- [Exercise brief]:
Retype the whole listing, please, keeping every line exact and dropping the pictures.

- [Given material]:
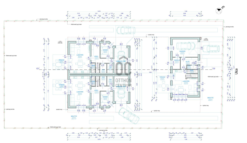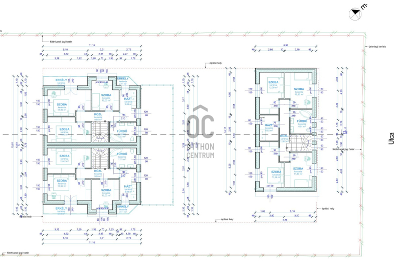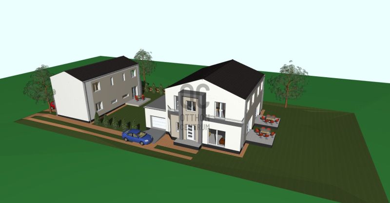 Telek területe: 1300 m2 (min. 400 m2 privát rész lakásonként)
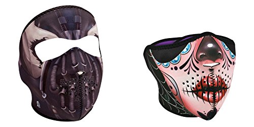 -. Feature : This Product is a 'Bundle' of 2 Neoprene Face Masks identified as a 'Pain' and a 'Sugar Skull' / The First Facemask is the ZanHeadgear 'Pain' Full Face Neoprene Face Masks / The Second Facemask is the ZanHeadgear 'Sugar Skull' Half Face Neoprene Face Mask / These Face Masks / Ski Mask are made of Durable, Naturally Warm & Water Resistant Neoprene Face Mask Material / The Mask Sizes are adjustable, by up to 2 inches, using the Hook & Loop closure, located at the back of the head
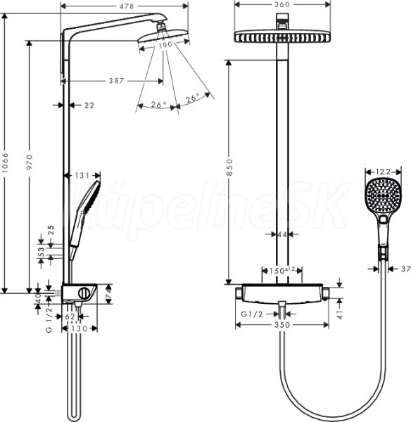 Hansgrohe Raindance Select E 360 1jet termostat. sprchový stĺp,EcoSmart,chróm 27286000
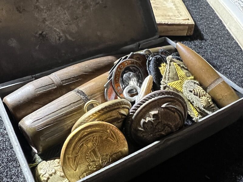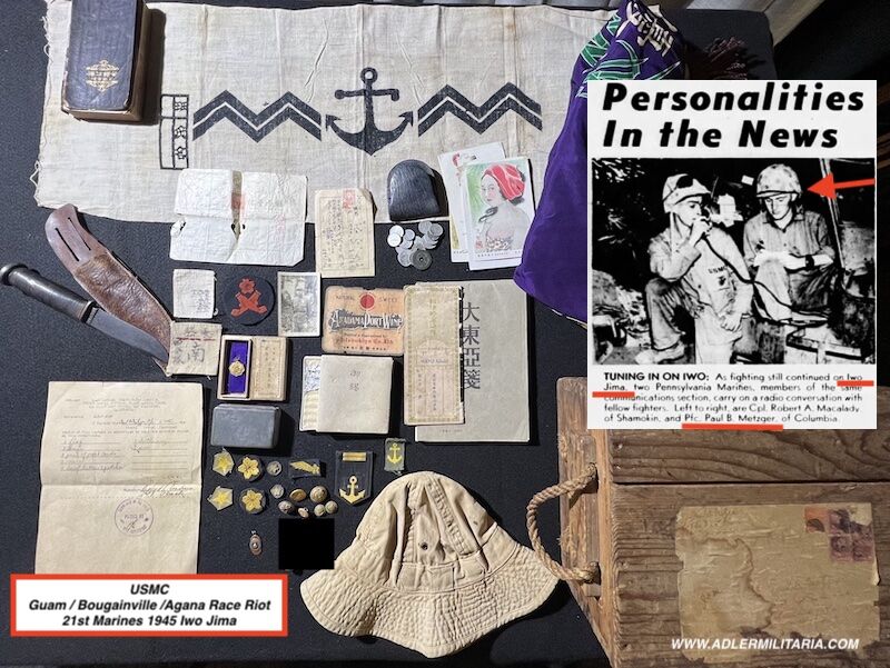 WWII US Marine Corps Trophy Box – Paul B Metzger – 3rd Marine Division – Bougainville – Guam – Agana Race Riot – 21st Marines – Iwo Jima – Japanese Trophy Flags – Insignia – Cut offs – Time Capsule

- [Response]:
 Telek területe: 1300 m2 (min. 400 m2 privát rész lakásonként)
 -. Feature : This Product is a 'Bundle' of 2 Neoprene Face Masks identified as a 'Pain' and a 'Sugar Skull' / The First Facemask is the ZanHeadgear 'Pain' Full Face Neoprene Face Masks / The Second Facemask is the ZanHeadgear 'Sugar Skull' Half Face Neoprene Face Mask / These Face Masks / Ski Mask are made of Durable, Naturally Warm & Water Resistant Neoprene Face Mask Material / The Mask Sizes are adjustable, by up to 2 inches, using the Hook & Loop closure, located at the back of the head
 Hansgrohe Raindance Select E 360 1jet termostat. sprchový stĺp,EcoSmart,chróm 27286000
 WWII US Marine Corps Trophy Box – Paul B Metzger – 3rd Marine Division – Bougainville – Guam – Agana Race Riot – 21st Marines – Iwo Jima – Japanese Trophy Flags – Insignia – Cut offs – Time Capsule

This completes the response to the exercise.